Similarly, although you can “see” any photograph in a fraction of a second, in the sense that reflected light is perceived by your retina that quickly, to really see and understand a Crewdson photograph takes much longer. In fact, they’re so packed with visual information that they reward minutes and even hours of scrutiny, and the fact that you must be an active participant in the process of creating meaning makes them that much more memorable.

As is made clear in this film, nothing is accidental in a Crewdson photograph—he controls every detail, from the setting to the props to the exact placement and appearance of each person appearing in the frame, with the assistance of a large crew including a director of photography (Richard Sands) and a whole slew of people to do lighting, hair, makeup, fog, and so on. Finally, Crewdson isn’t above post-production manipulation of the results of a shoot to get an image that better matches the one in his his mind’s eye. That’s not a criticism, just an observation that he uses the best available technology to produce the artistic results he wants, just as Ansel Adams did in his day.
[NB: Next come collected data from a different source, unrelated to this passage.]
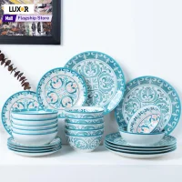 A charming set to brighten your mood every time you sit down to eat with your loved ones. According to saying a family that eats together stays together, and what better way to strengthen the bond than to bring a grin to the table. Vintage floral teal ceramic dinner set-24 pcs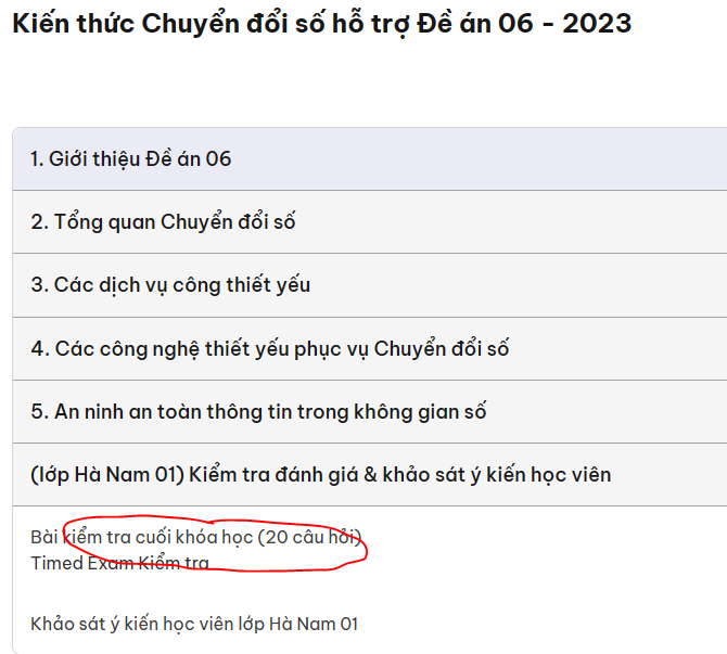 – Lộ trình học tập của môn học được chia thành nhiều bài học như hình trên. Mỗi bài học sẽ được hiển thị theo dạng danh sách có tên cụ thể. Người học bấm chuột vào tên bài học để mở các mục học bên trong. Trong mỗi bài học, có thể có nhiều mục nhỏ như: tài liệu đọc trước, video bài giảng, hoặc bài kiểm tra. Bạn cần bấm chuột vào từng mục để truy cập nội dung tương ứng.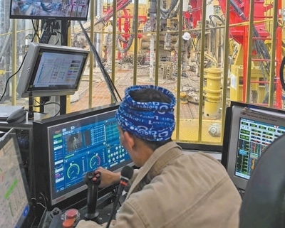 通過(guò)參與艾伯特湖區(qū)油田建設(shè),東方宏華還研發(fā)出“一鍵聯(lián)動(dòng)”舉升式排管系統(tǒng),以舉升移運(yùn)、多系統(tǒng)協(xié)同、離線作業(yè)、智能感知、一鍵集控五大技術(shù)為核心,實(shí)現(xiàn)在地面、臺(tái)面和高空三大區(qū)域的自動(dòng)化作業(yè)?!坝辛宋覀冏灾餮邪l(fā)的智能系統(tǒng)加持,操作人員只需點(diǎn)擊屏幕,就可以完成接立柱和鉆井等操作。”東方宏華所屬宏華電氣副總經(jīng)理汪虹宇介紹。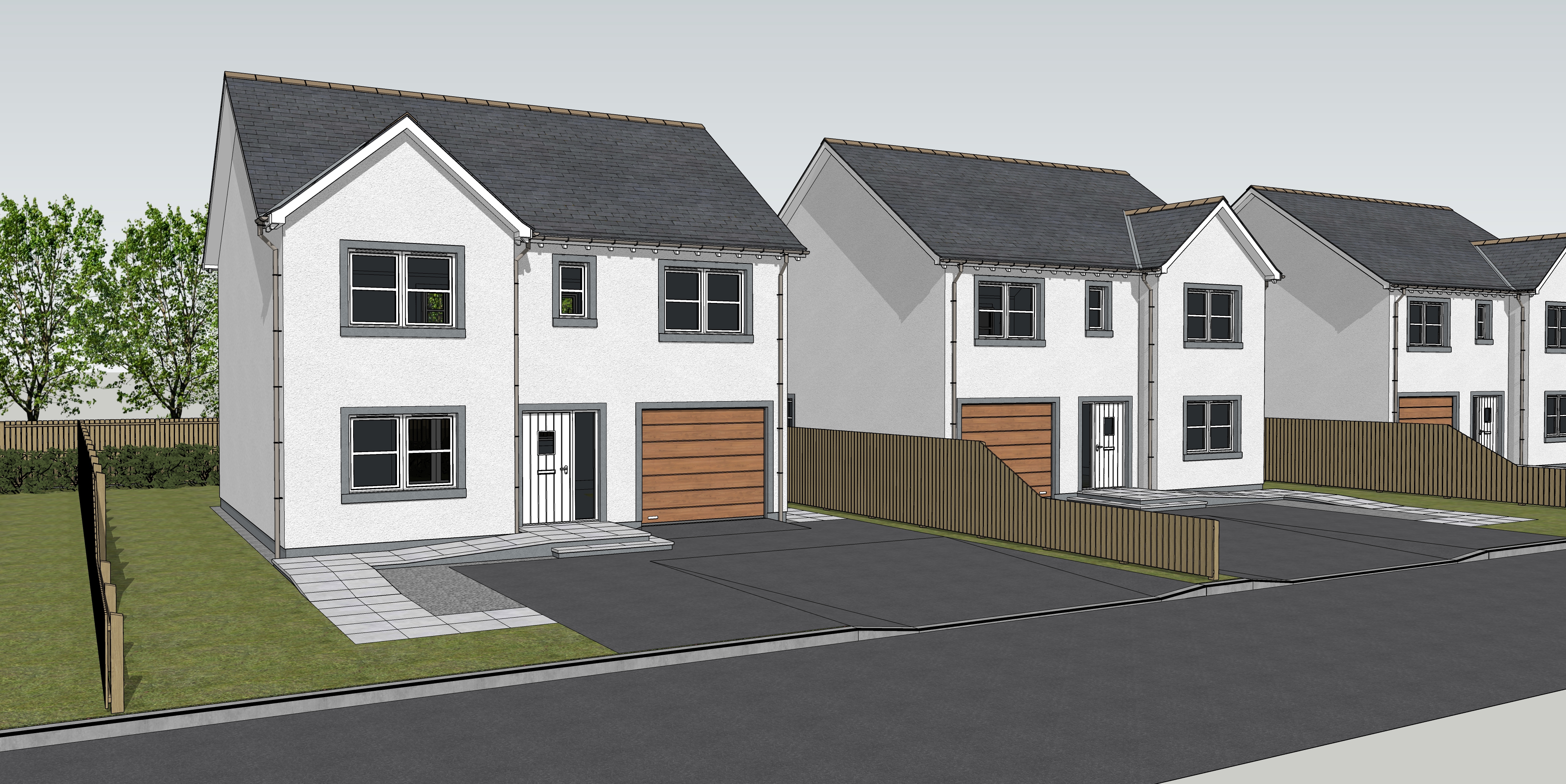 create a photo realistic render of this image keeping the same colours and features but with some soft landscaping to the garden and a family car on the driveway

None of this will surprise anyone with much awareness of the history of photography, but it’s quite different from the documentary paradigm that many of us were raised on. Of course, Victorian photographers also staged elaborate scenes that they then photographed, so Crewdson’s work is squarely within a mainstream historical tradition. The result of a Crewdson shoot is real in the sense that the end product is a real photograph, but the scene portrayed in that photograph is a creation of his mind and talent.

And yet, his photographs are not entirely artificial creations, either. Many Crewdson photos are shot in real, i.e., pre-existing, locations—including public streets—which he identifies on scouting missions, rather like a director choosing locations for a film shoot. The combination of these “found” locations and the elaborate scenes Crewdson stages in them is part of what makes his work so distinctive. The use of pre-existing locations also adds a degree of difficulty that gives the whole process an edge, because they take away some of the control that he enjoys when working on a soundstage.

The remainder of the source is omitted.